Robustness check

Peter Walser

Join Date: Sep 2017

Posts: 8
#1

Robustness check

17 Sep 2017, 12:36

Hello,
I wanted to do a robustness check with the user-created -checkrob-. Basically, it worked. However, when the results are transformed into a table as a last step the code stops with the alert
variable b_corevar1 not found
r(111);
For each variable, two new variables named b_varname and se_varname are created.
Help file of checkrob: http://fmwww.bc.edu/RePEc/bocode/c/checkrob.html
I tested the following:

Code:

checkrob 10 12: reghdfe indepvar corevar1 ... corevar10 testingvar1 ... testingvar12, absorb(...) vce(cluster ...)

I already tried to rename the first variable to the format b_corevar1 as it is also done by the program but it gets still not found.

Is anybody here familiar with checkrob?
I would be thankful for any advice.

Kind regards
Peter
Tags: None
Phil Bromiley

Join Date: Apr 2014

Posts: 4348
#2

18 Sep 2017, 13:29

You didn't get a quick answer. Usually, folks answer quickly or not at all.
With a user-written program and no one volunteering an answer, you can either look at the code yourself or ask the author. I assume you've looked at the variables in the variable window list? It might be there with a small difference in how it is written.

However, you might also benefit from following the FAQ on asking questions - provide Stata code in code delimiters, readable Stata output, and sample data using dataex. I'm not sure what it means to "rename the first variable to the format b_corevar1". You can rename variables or change formats, but I don't know about renaming to a format.
1 like
Comment
Marcos Almeida

Join Date: Apr 2014

Posts: 4047
#3

18 Sep 2017, 13:53

Little wonder you get an error message.

As a matter of fact, there are a cornupia of reasons for that.

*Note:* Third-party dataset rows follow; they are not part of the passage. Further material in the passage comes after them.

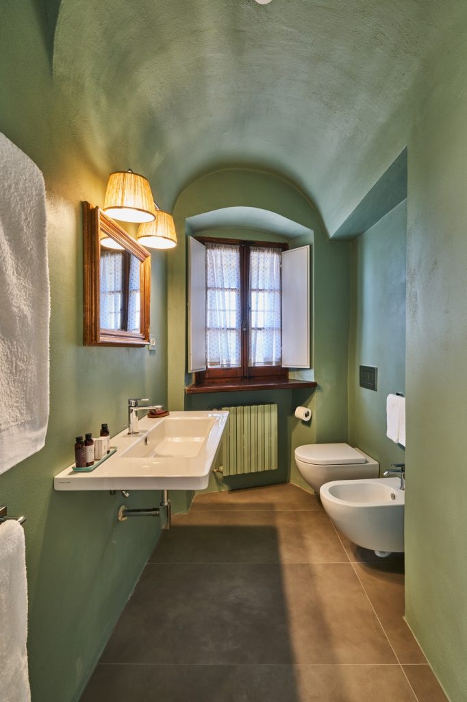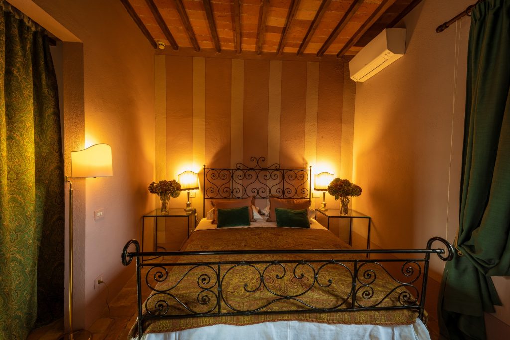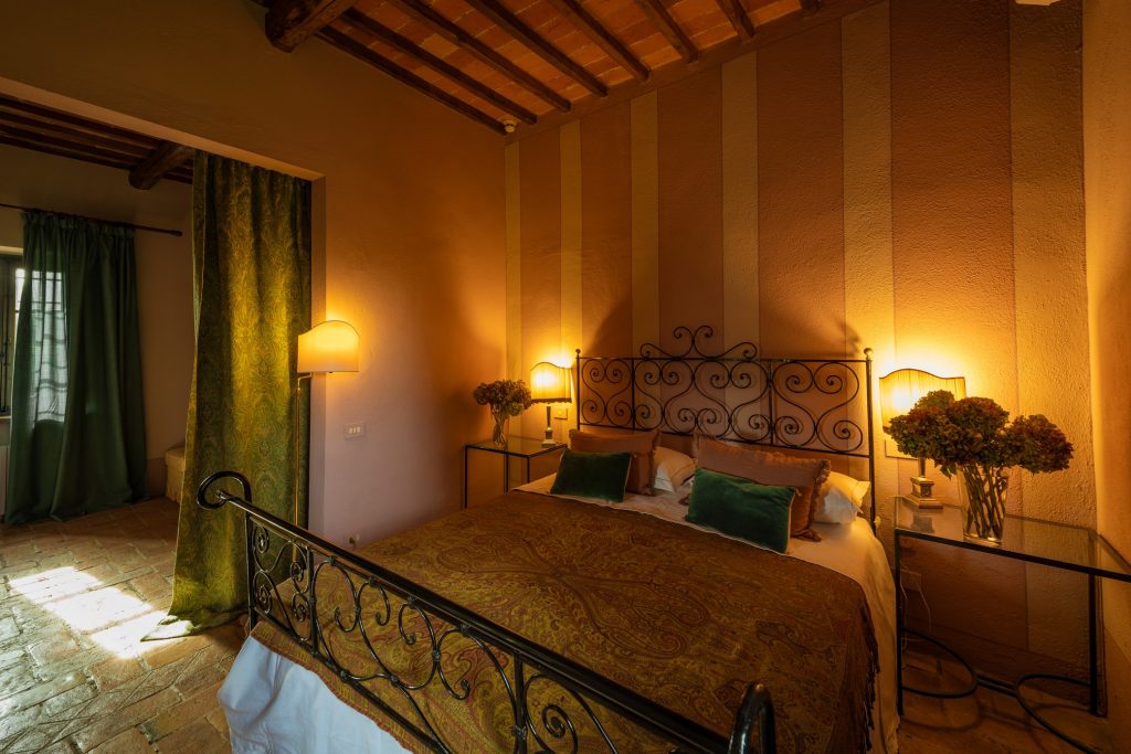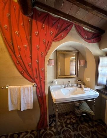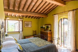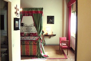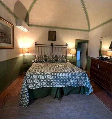 Spacious suite with private entrance, off garden or through Cantinore, to large living room with several handsome paintings, fabric-draped tables and sunflower yellow couch. Door leads to double bedroom (queen) with restored antique iron bed, traditional to Tuscany, finished in red cotton and closed off from adjacent sitting area by means of red and gold plaid drapes. Two white-tiled bathrooms (tub with wall-mounted shower, partition in each) with views of the countryside.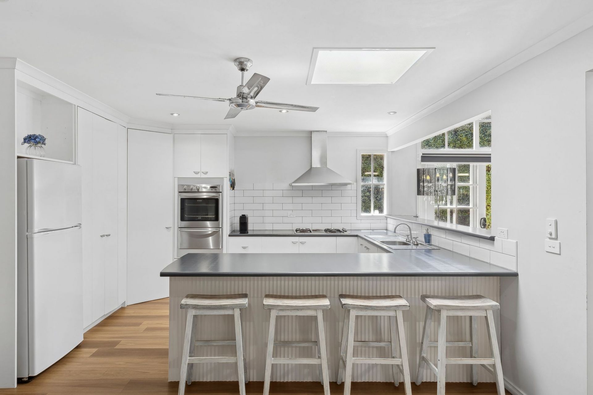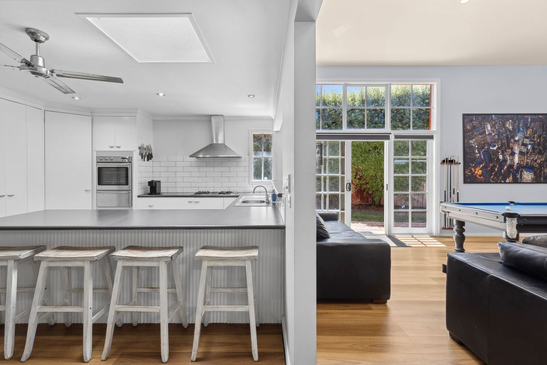 The thoughtful design incorporates dual living zones to cater to family life. At the heart of the home, the open plan living and dining area is bathed in natural light from soaring ceilings and high-set windows. The spotless C-shaped kitchen features a breakfast bar and open servery, modern appliances and a corner pantry, with a casual meals area directly opposite. A formal lounge and dining area at the front of the home offers versatility, with a charming bay window and window seat overlooking the established front garden.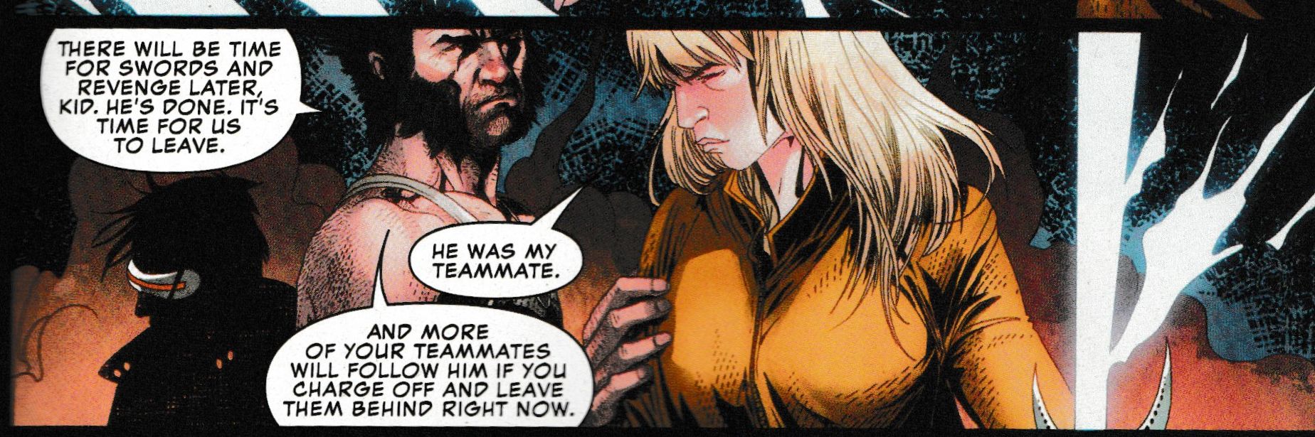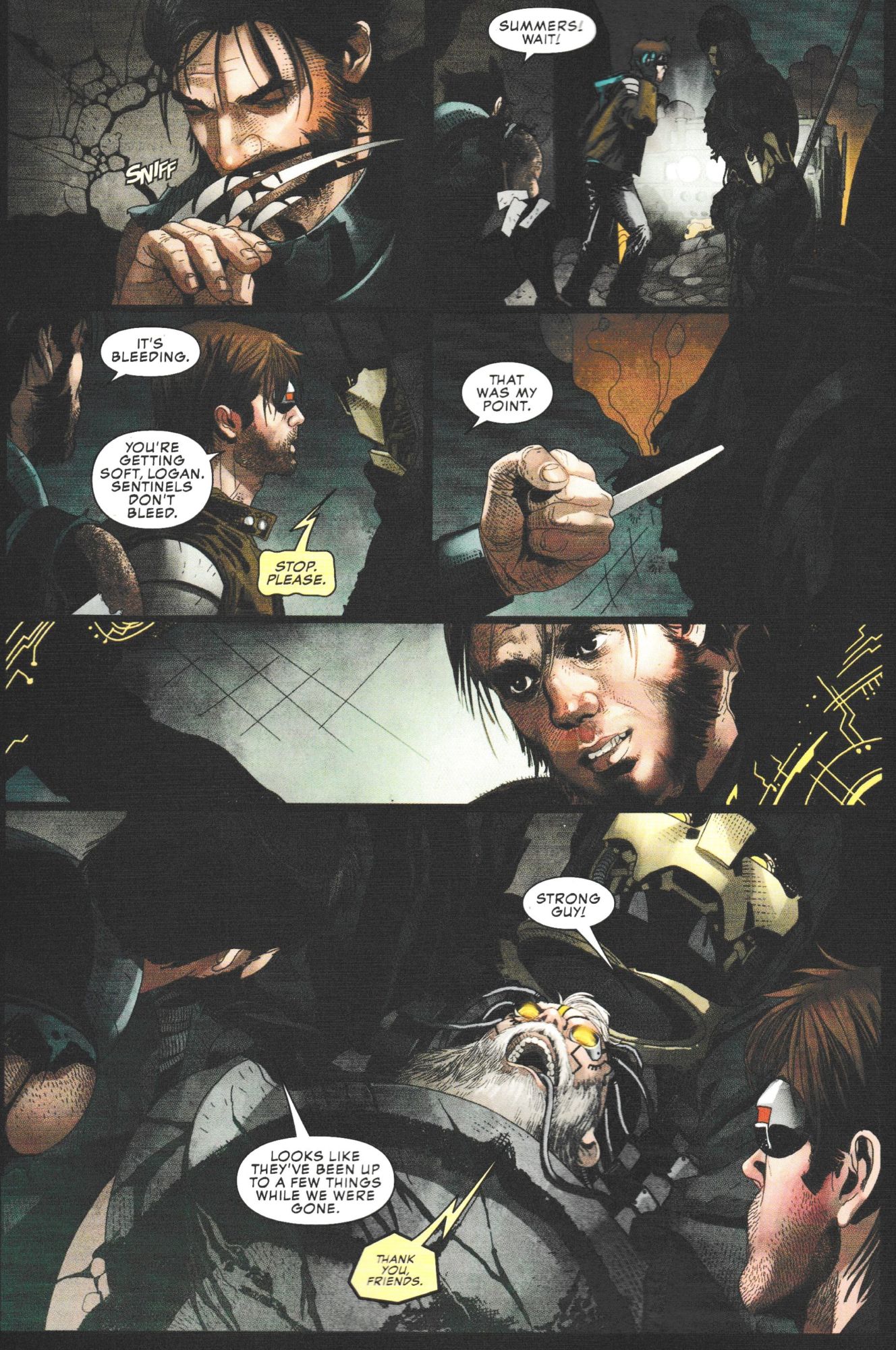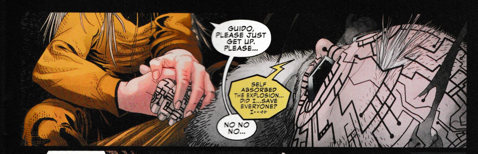 Wolverine… did you just stab Guido? Strong Guy? Created by Peter David and Marvel CCO Joe Quesada back in X-Factor back in the early nineties? But don't worry, he survives.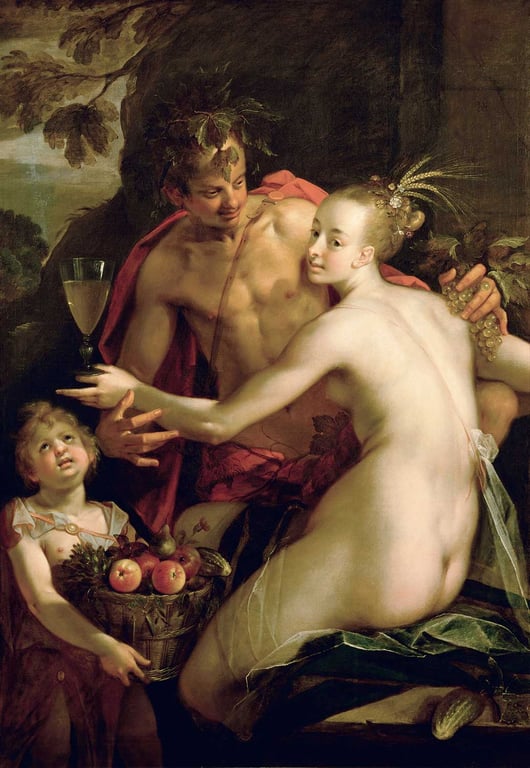 Hans von Aachen’in ‘Bacchus, Ceres and Amor’ (Bacchus Ceres Cupid) adlı eserinin kanvas baskı tablosu. Eserin orijinali Viyana Sanat Tarihi Müzesi’nde bulunmaktadır.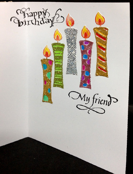 I side folded my white card. Die cut the border (Spellbinders "Antique Frame & Accents") from white cardstock, applied Versamark and embossed with Pearlescent embossing powder. Adhered to right edge. Cut a piece of natural colored cork (DCWV "Cork Solid" 12 x 12 Stack) and adhered to card front. Stamped the quote using Versafine Black Onyx and clear embossed. Adhered a piece of beige real lace, a piece of salmon dyed ribbon (won from Little Scrap Pieces"), and a piece of corrugated yellow cardstock. eCut the lantern from gold colored thin metal sheet, ran through my embossing machine with Cuttlebug "Swiss Dots", applied Distress Black Soot Dauber all over, allowed to partially dry, then wiped off the excess. Die cut the candle (eCraft Designs), colored with Prisma colored pencils and the added glitter (Stickles dry glitter "Diamond") to the candle. Designed some oval loops, eCut, painted with the black dauber and adhered them together to create my chain. As a final touch added the rhinestone squares in the corner. On the inside die cut more candles, colored or did some doodling, applied Quickie Glue and various colors of Glitter Ritz micro fine glitter and adhered to inside of card. Stamped the sentiments with the black and clear embossed. |
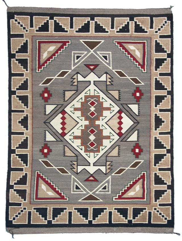 Mid 1900s, Fine old hand loomed Teec Nos Pos rug with strong pattern and colors. 51" x 69"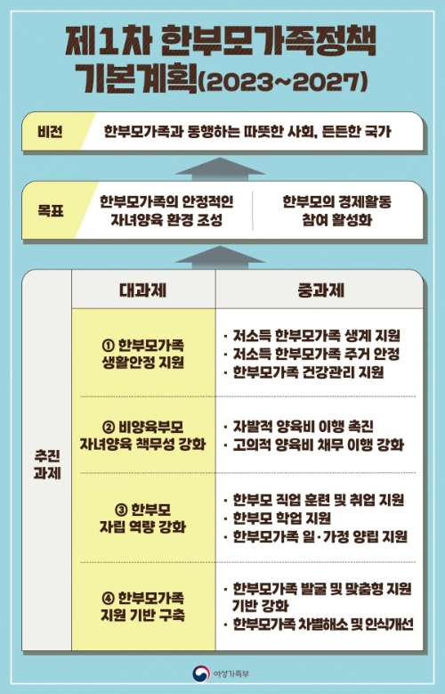 2023년 4월 10일 사회부총리 주재 사회관계장관회의에서 '제1차 한부모 가족 정책 기본계획'을 심의, 의결했다고 밝혔다. 이번에 발표된 내용은 한부모 가족 관련 5년 단위 기본 계획 수립 근거를 담은 한부모 가족 지원법 시행(2021년 4월 21일)에 따라 정부의 국정운영 방향에 맞는 지원 확대를 위해 마련되었다.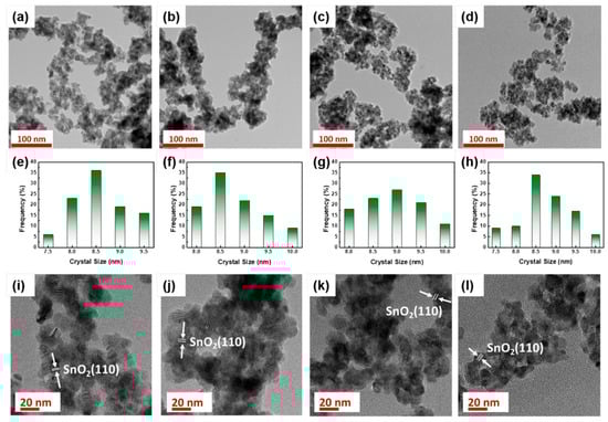 TEM images, size distributions, and high-resolution TEM images of ATO (a,e,i), ATO-300 (b,f,j), ATO-350 (c,g,k), and ATO-400 (d,h,l).
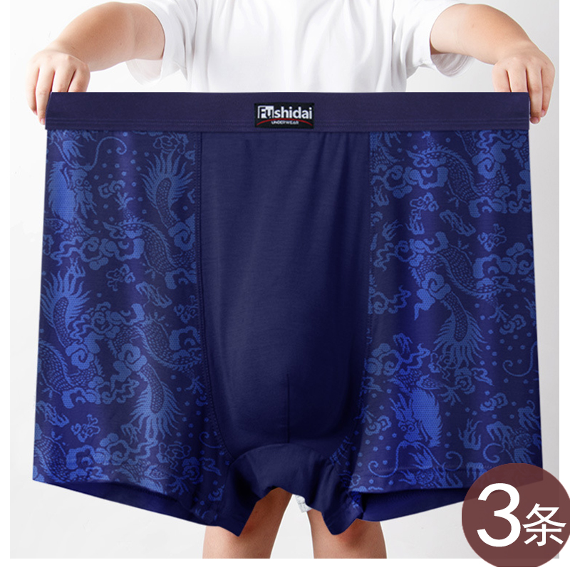 【产品名称:加肥加大码高腰男士平角内裤肥佬莫代尔带龙纹中老年爸爸印花四角】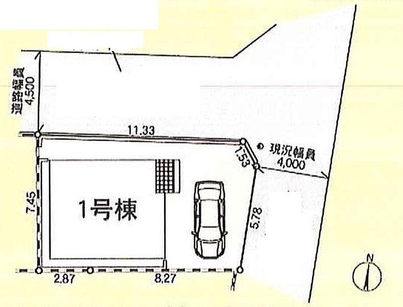 | 駐車場 | 1台 | 道路の幅員 | 北側約4.5m、東側4.0m |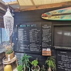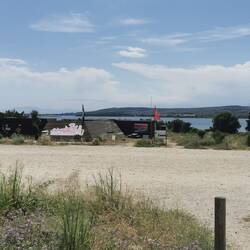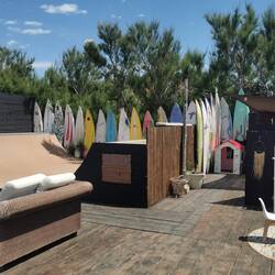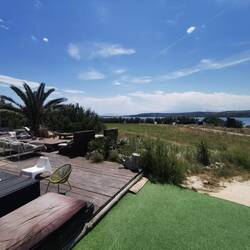 Netter Stellplatz am Etang de Leucate. Hier bleibe ich erst einmal und schaue mir in Ruhe die anderen Möglichkeiten in der Umgebung an. Wind ist die nächsten Tage eh nicht angesagt. Nette, chillige Surfschule mit Bar, die heute leider zu hat. Morgen dann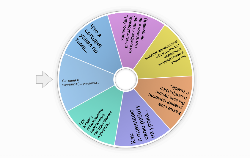 Конец урока: (2 мин) Домашнее задание. Выучить табличные значения тригонометрических функций Рефлексия. Колесо фортуны (5 мин)

You may wish to read the help files attentively. Although I have no experience with the user-written program, I observed that:

a) The output will be presented in 2 files with .txt extension

b) You are supposed to use - cluster() - , not vce(cluster).

b) The coefficients and SEs will be displayed in the first file, nota bene: "for each regression".

c) The second file will present "the following statistics for each core and testing variable: maximum (Max), minimum (Min) and average value (Mean) of the coefficient over all regressions, average standard deviation (AvgSTD), share of regressions where the coefficient is significant (PercSigni), share of regressions where the sign is positive (Perc+), respective negative (Perc-), the average t-value (AvgT) and the number of times the variable was included in the regressions (Obs) (this might differ between core variables (and between testing variables) if a variable is sometimes dropped. For each variable the average over optional estimation return variables in these regression where the variable featured is also reported".

d) The help-file examples presented the "testingvars" at a maximum of 4, which seemed to me reasonable, so to speak, hence (and according to the formula also presented in the help files), instead of 16 regressions, that would reach in your case - guess how much - 4096 regressions. Quite mind-boggling, to say the least.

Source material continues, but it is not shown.